- **Instructions for the task**
Write out the entries below once more, exactly, with the pictures left out.

- **Data shown**

== Segment start ==

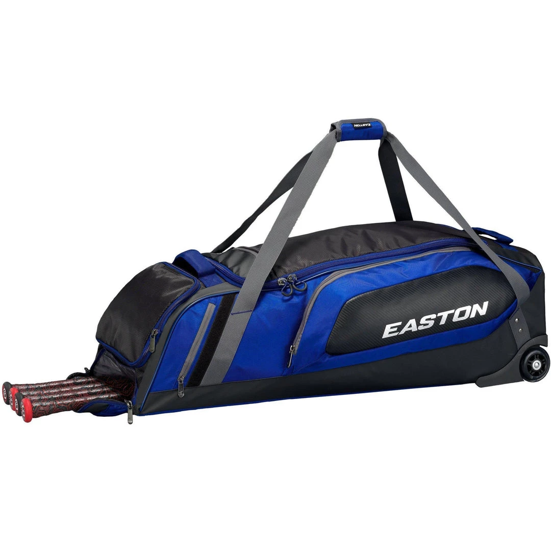 Introducing Easton’s premium equipment wheeled bag, the Matrix Wheeled Bag. With a hard-molded base to provide stability and smooth inline skate wheels, this ultra-durable bag is perfect for daily trips to and from the diamond. Featuring a padded, lockable bat compartment that can store up to 5 bats, YKK zippers throughout the main compartments and an oversized large-mouth main compartment opening is perfect for easy gear access. Finished off with two felt-lined pockets to protect valuables and mesh ventilation throughout the bag. Roll up to any game or practice through any terrain with the Matrix Wheeled bag.
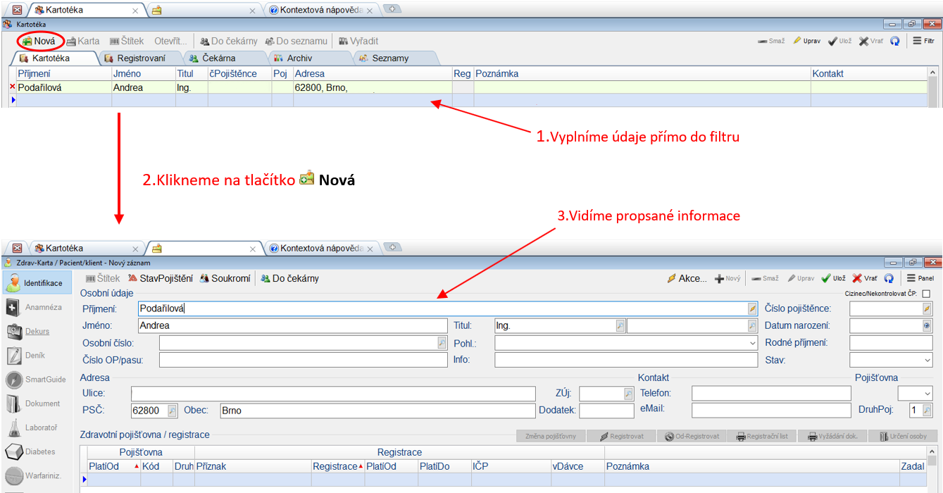 Začneme vypisovat údaje přímo v kartotéce do filtračního řádku -> příjmení, jméno, pojišťovna, adresa a až poté klikneme na tlačítko   Nová. Tyto zapsané údaje se nám automaticky doplní do identifikace. Pokud chceme rozdělit směrovací číslo, město a ulici do příslušných kolonek, musíme oddělit údaje čárkou (např. 100 00, Praha, Horní 10).
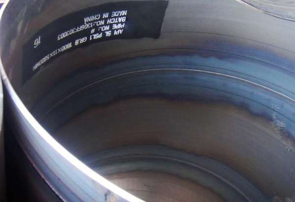 钢管上允许有钢带对头焊缝,钢带对头焊缝与管端的距离不得小于300mm。经购方与制造厂协商,允许钢带对头焊缝位于管端,但钢带对头焊缝与相应管端螺旋焊缝之间至少应有150mm的环向间隔。钢带对头焊缝应采用埋弧焊法焊接,内外埋弧焊缝各不少于一道。允许将钢带对头焊缝的余高铣去,但铣削处或焊缝原始表面不得低子母材表面
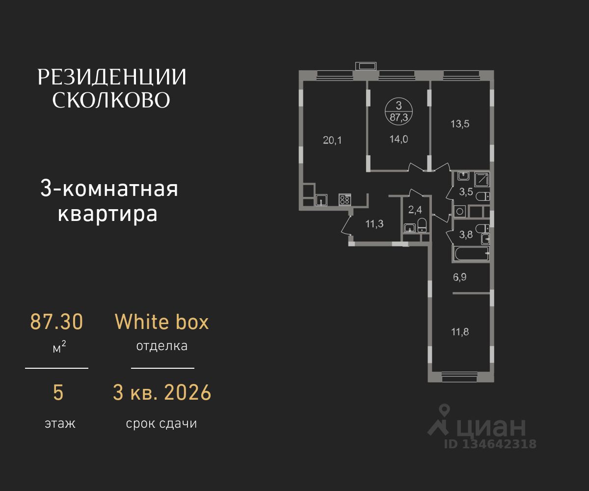 Общая площадь квартиры - 87,3 кв. м, этаж 5 из 9.
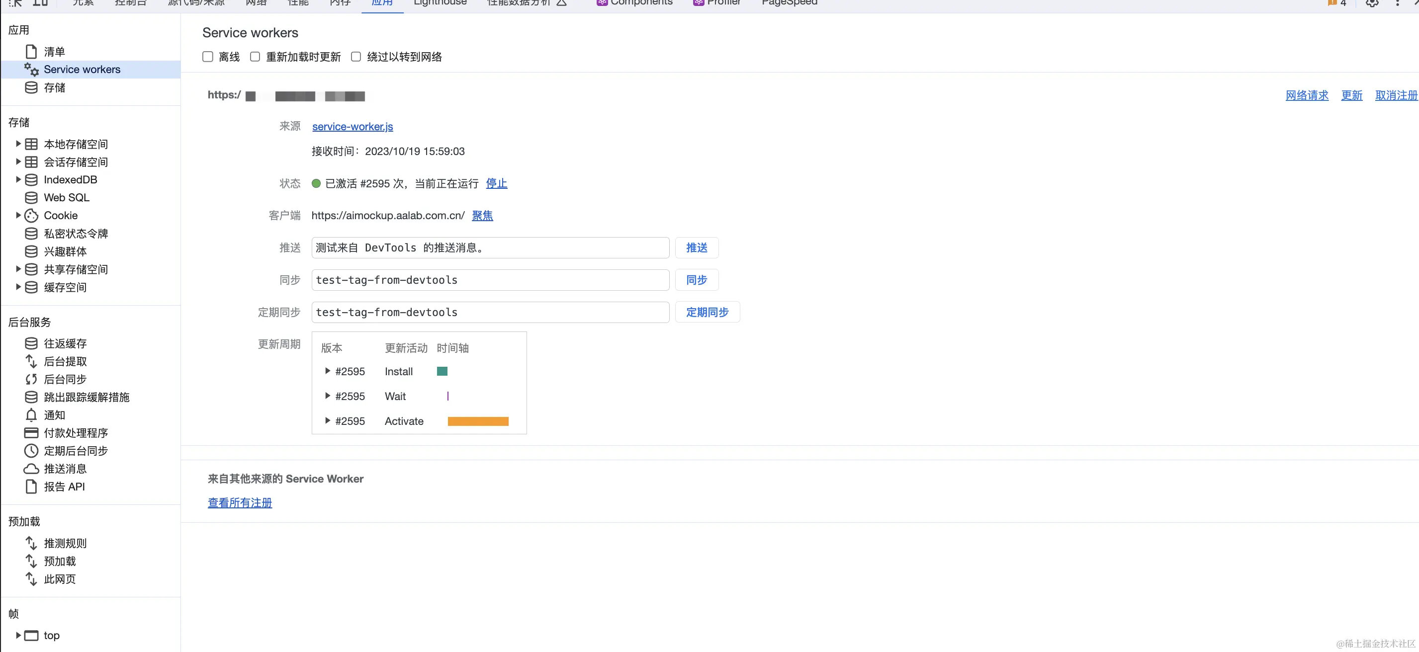 service worker实际上提供的是本地缓存服务,所以和我们平时查看localStorage差不多,打开谷歌浏览

== Segment end ==

- **Answer to this task**
 Introducing Easton’s premium equipment wheeled bag, the Matrix Wheeled Bag. With a hard-molded base to provide stability and smooth inline skate wheels, this ultra-durable bag is perfect for daily trips to and from the diamond. Featuring a padded, lockable bat compartment that can store up to 5 bats, YKK zippers throughout the main compartments and an oversized large-mouth main compartment opening is perfect for easy gear access. Finished off with two felt-lined pockets to protect valuables and mesh ventilation throughout the bag. Roll up to any game or practice through any terrain with the Matrix Wheeled bag.
 Začneme vypisovat údaje přímo v kartotéce do filtračního řádku -> příjmení, jméno, pojišťovna, adresa a až poté klikneme na tlačítko   Nová. Tyto zapsané údaje se nám automaticky doplní do identifikace. Pokud chceme rozdělit směrovací číslo, město a ulici do příslušných kolonek, musíme oddělit údaje čárkou (např. 100 00, Praha, Horní 10).
 钢管上允许有钢带对头焊缝,钢带对头焊缝与管端的距离不得小于300mm。经购方与制造厂协商,允许钢带对头焊缝位于管端,但钢带对头焊缝与相应管端螺旋焊缝之间至少应有150mm的环向间隔。钢带对头焊缝应采用埋弧焊法焊接,内外埋弧焊缝各不少于一道。允许将钢带对头焊缝的余高铣去,但铣削处或焊缝原始表面不得低子母材表面
 Общая площадь квартиры - 87,3 кв. м, этаж 5 из 9.
 service worker实际上提供的是本地缓存服务,所以和我们平时查看localStorage差不多,打开谷歌浏览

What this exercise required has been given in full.